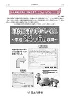 12-06(16)国土交通省 自動車検査証等各種証明書の判読性向上等の観点から、用紙の意匠(デザイン)の変更を行いました。 平成24年6月以降、各地方運輸局運輸支局等において随時新用紙への切り替えが行われます。なお、お手元の旧用紙による各種証明書等は、引き続き有効です。※京都運輸支局での新様式の検査証等は7月頃からの切り換えとなります。自動車検査証等出力用紙の意匠(デザイン)が変わりました 自動車検査証等出力用紙の意匠(デザイン)が変わりました
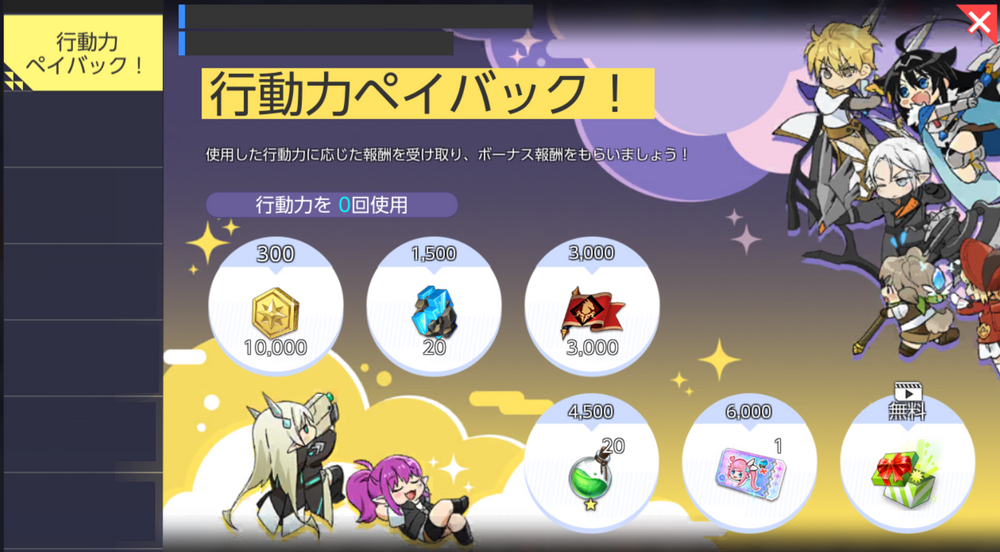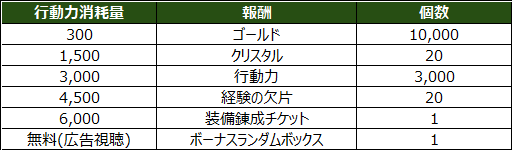 - イベント内容:消費した行動力に応じて報酬を獲得できます。
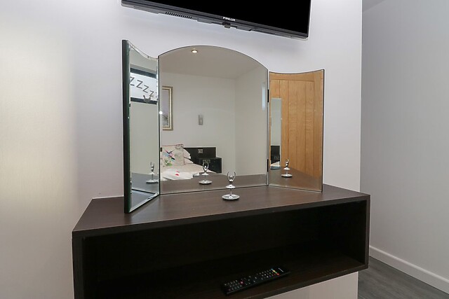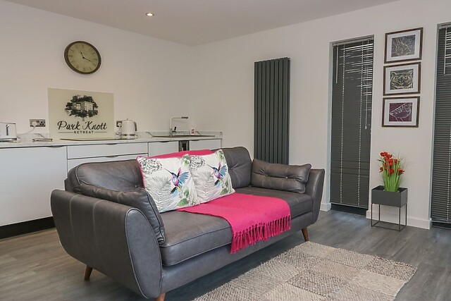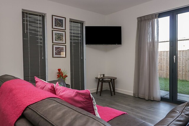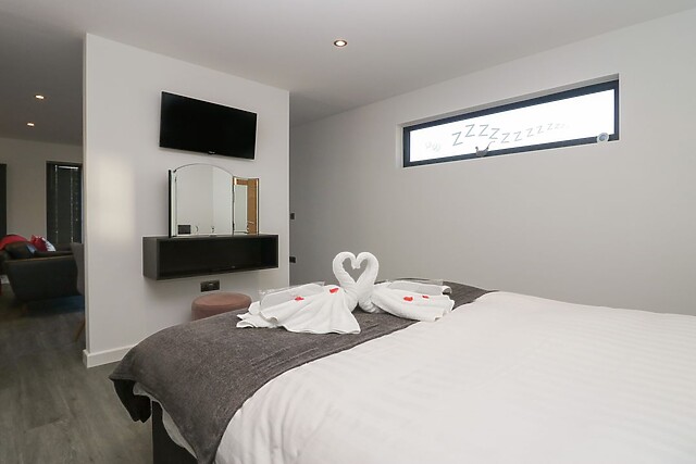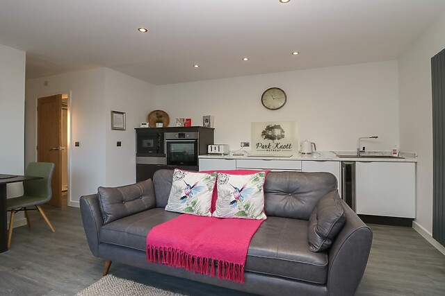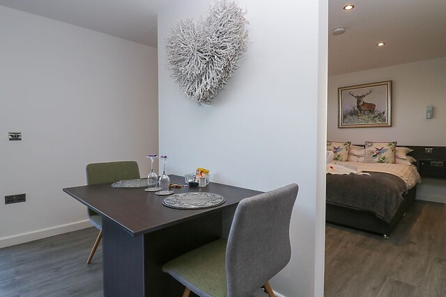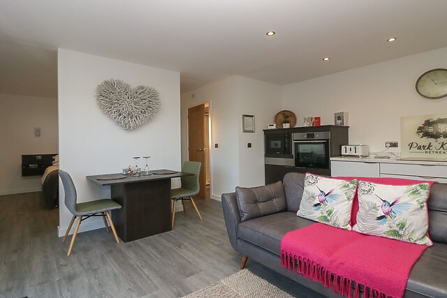 The kitchen comes equipped with a gas cooker and oven, ideal for preparing a romantic meal, while music from the Smart TV sets the perfect mood. The contemporary en-suite bathroom, includes a spacious shower, adding a touch of luxury to your experience.

[Your goal]: Omitting all pictures, restate exactly the lines of the material from its start through the line that contains "- イベント内容:消費した行動力に応じて報酬を獲得できます。".

[Exercise response]:
 12-06(16)国土交通省 自動車検査証等各種証明書の判読性向上等の観点から、用紙の意匠(デザイン)の変更を行いました。 平成24年6月以降、各地方運輸局運輸支局等において随時新用紙への切り替えが行われます。なお、お手元の旧用紙による各種証明書等は、引き続き有効です。※京都運輸支局での新様式の検査証等は7月頃からの切り換えとなります。自動車検査証等出力用紙の意匠(デザイン)が変わりました 自動車検査証等出力用紙の意匠(デザイン)が変わりました
 - イベント内容:消費した行動力に応じて報酬を獲得できます。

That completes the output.